What you need to do
Exact copies of the lines below, from the one with "Ankara Üniversitesi Öğretim" up to and including the one with "学院党委书记刘芳为2025级", are what this calls for; leave out pictures.

Entries provided
▼▼▼
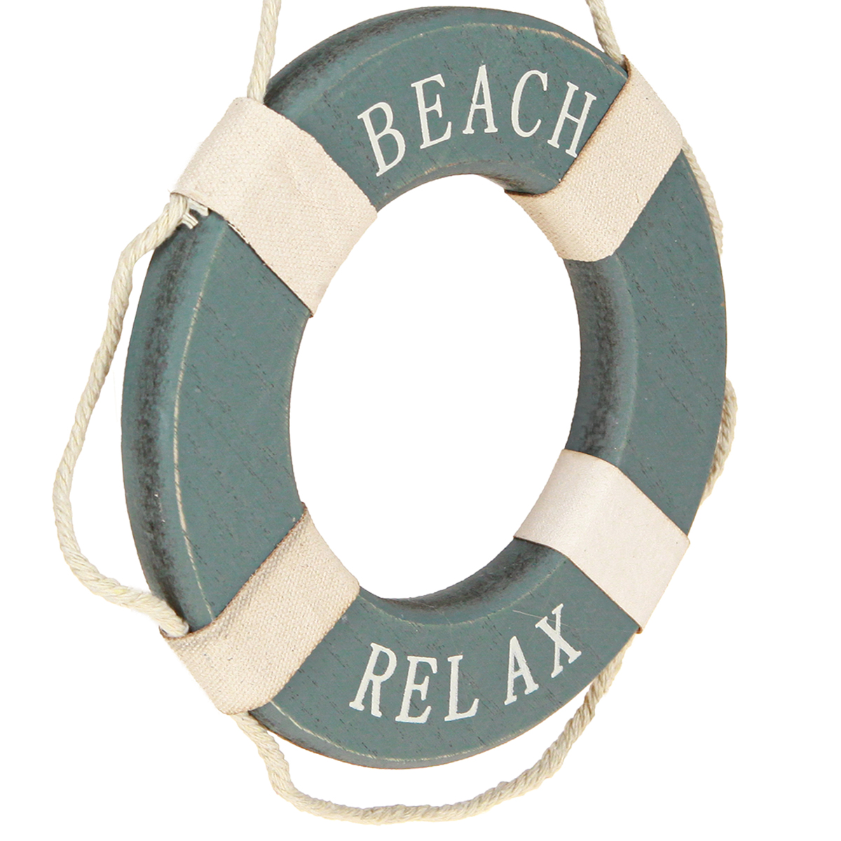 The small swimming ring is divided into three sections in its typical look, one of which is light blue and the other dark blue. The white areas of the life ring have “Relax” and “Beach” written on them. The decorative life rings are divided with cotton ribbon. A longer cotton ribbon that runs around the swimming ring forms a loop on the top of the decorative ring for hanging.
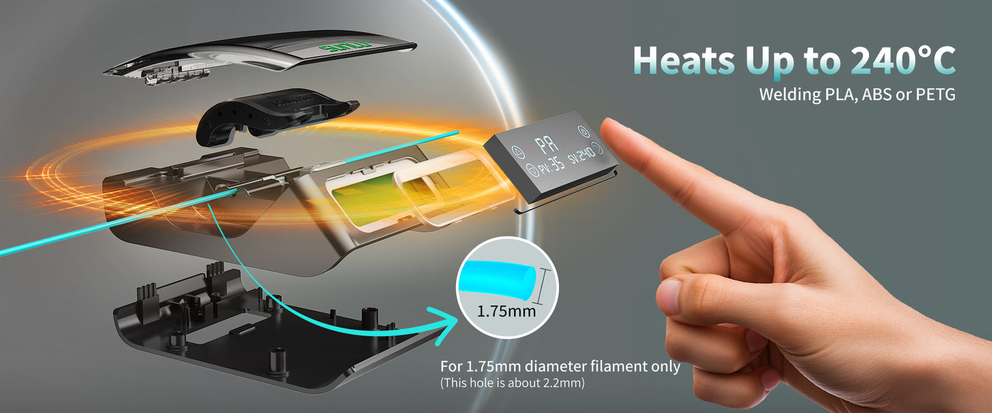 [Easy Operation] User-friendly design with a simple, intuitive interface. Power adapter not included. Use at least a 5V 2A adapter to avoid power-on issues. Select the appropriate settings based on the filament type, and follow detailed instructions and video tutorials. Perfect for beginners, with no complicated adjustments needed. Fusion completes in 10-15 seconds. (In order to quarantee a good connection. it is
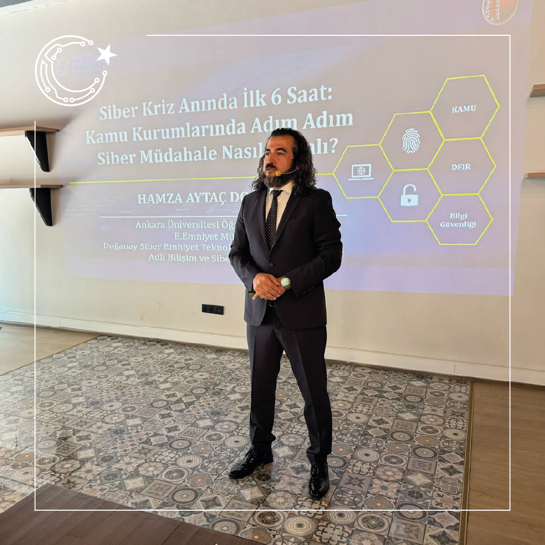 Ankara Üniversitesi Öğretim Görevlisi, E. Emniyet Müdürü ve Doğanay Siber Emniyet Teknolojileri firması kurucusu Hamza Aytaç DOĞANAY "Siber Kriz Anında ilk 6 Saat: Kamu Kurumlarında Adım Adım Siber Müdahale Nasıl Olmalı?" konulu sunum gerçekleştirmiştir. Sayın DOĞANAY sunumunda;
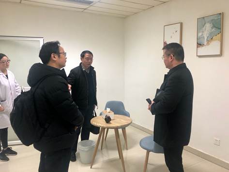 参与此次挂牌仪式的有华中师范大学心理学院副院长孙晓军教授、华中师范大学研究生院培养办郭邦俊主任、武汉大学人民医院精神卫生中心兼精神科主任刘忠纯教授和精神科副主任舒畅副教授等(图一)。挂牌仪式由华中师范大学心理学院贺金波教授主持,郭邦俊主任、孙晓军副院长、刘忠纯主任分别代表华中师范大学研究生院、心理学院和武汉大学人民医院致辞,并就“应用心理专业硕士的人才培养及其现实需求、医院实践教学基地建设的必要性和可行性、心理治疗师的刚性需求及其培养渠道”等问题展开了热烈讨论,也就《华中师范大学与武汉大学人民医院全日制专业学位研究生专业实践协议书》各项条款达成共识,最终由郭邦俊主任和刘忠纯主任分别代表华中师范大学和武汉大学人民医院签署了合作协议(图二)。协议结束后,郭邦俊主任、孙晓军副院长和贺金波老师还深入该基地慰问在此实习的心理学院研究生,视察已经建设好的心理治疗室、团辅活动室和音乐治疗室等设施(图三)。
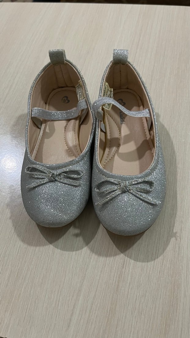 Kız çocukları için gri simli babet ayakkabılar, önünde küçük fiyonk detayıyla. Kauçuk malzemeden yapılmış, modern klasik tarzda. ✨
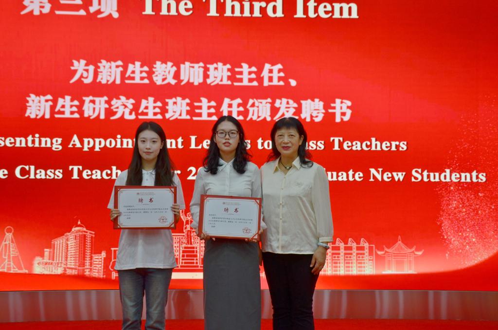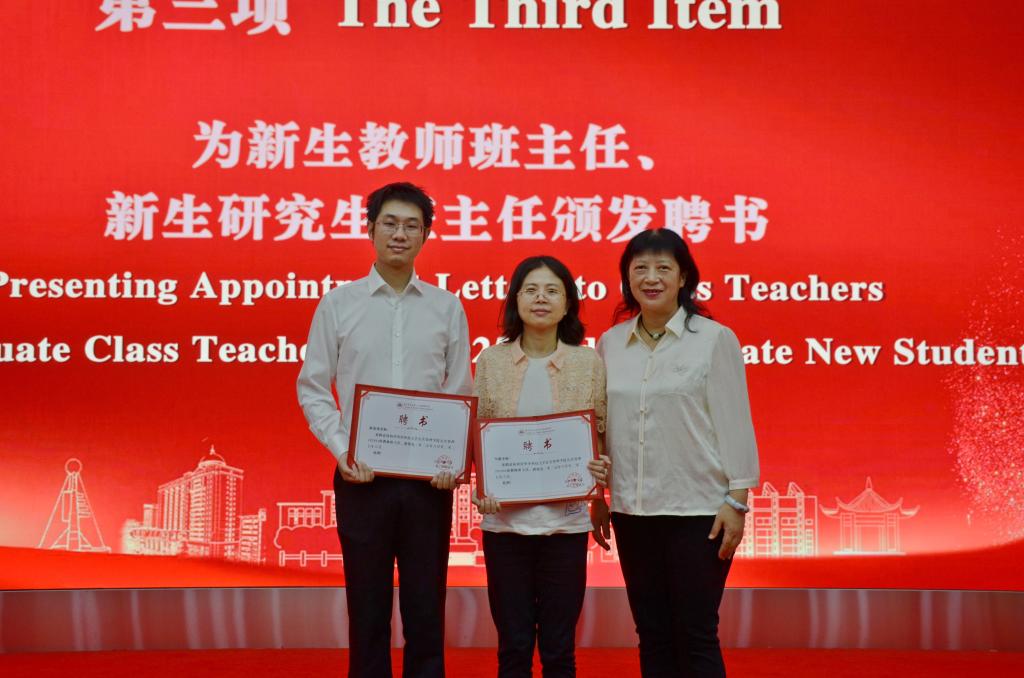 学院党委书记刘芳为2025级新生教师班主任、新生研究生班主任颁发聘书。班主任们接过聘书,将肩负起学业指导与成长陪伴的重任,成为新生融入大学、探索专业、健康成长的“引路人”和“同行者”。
▲▲▲
▼▼▼
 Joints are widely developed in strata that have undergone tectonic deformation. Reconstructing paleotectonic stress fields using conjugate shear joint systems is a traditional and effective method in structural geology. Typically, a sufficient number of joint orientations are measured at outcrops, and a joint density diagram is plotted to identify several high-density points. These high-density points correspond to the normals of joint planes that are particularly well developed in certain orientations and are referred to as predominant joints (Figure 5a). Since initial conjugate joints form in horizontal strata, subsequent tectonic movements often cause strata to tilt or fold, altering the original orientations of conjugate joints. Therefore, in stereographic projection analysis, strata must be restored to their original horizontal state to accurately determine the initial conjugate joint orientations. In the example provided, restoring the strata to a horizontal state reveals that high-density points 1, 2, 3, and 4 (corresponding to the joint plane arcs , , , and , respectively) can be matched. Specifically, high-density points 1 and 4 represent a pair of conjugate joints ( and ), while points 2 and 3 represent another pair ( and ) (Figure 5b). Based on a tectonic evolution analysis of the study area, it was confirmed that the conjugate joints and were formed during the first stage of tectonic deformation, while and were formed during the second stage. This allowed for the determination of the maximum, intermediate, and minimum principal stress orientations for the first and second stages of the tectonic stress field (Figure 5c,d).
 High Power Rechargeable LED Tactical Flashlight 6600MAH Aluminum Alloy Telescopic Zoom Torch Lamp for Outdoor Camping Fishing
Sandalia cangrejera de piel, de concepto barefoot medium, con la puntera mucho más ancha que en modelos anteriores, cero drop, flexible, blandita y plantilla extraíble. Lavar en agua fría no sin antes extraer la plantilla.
▲▲▲
Output of the task
 Ankara Üniversitesi Öğretim Görevlisi, E. Emniyet Müdürü ve Doğanay Siber Emniyet Teknolojileri firması kurucusu Hamza Aytaç DOĞANAY "Siber Kriz Anında ilk 6 Saat: Kamu Kurumlarında Adım Adım Siber Müdahale Nasıl Olmalı?" konulu sunum gerçekleştirmiştir. Sayın DOĞANAY sunumunda;
 参与此次挂牌仪式的有华中师范大学心理学院副院长孙晓军教授、华中师范大学研究生院培养办郭邦俊主任、武汉大学人民医院精神卫生中心兼精神科主任刘忠纯教授和精神科副主任舒畅副教授等(图一)。挂牌仪式由华中师范大学心理学院贺金波教授主持,郭邦俊主任、孙晓军副院长、刘忠纯主任分别代表华中师范大学研究生院、心理学院和武汉大学人民医院致辞,并就“应用心理专业硕士的人才培养及其现实需求、医院实践教学基地建设的必要性和可行性、心理治疗师的刚性需求及其培养渠道”等问题展开了热烈讨论,也就《华中师范大学与武汉大学人民医院全日制专业学位研究生专业实践协议书》各项条款达成共识,最终由郭邦俊主任和刘忠纯主任分别代表华中师范大学和武汉大学人民医院签署了合作协议(图二)。协议结束后,郭邦俊主任、孙晓军副院长和贺金波老师还深入该基地慰问在此实习的心理学院研究生,视察已经建设好的心理治疗室、团辅活动室和音乐治疗室等设施(图三)。
 Kız çocukları için gri simli babet ayakkabılar, önünde küçük fiyonk detayıyla. Kauçuk malzemeden yapılmış, modern klasik tarzda. ✨
 学院党委书记刘芳为2025级新生教师班主任、新生研究生班主任颁发聘书。班主任们接过聘书,将肩负起学业指导与成长陪伴的重任,成为新生融入大学、探索专业、健康成长的“引路人”和“同行者”。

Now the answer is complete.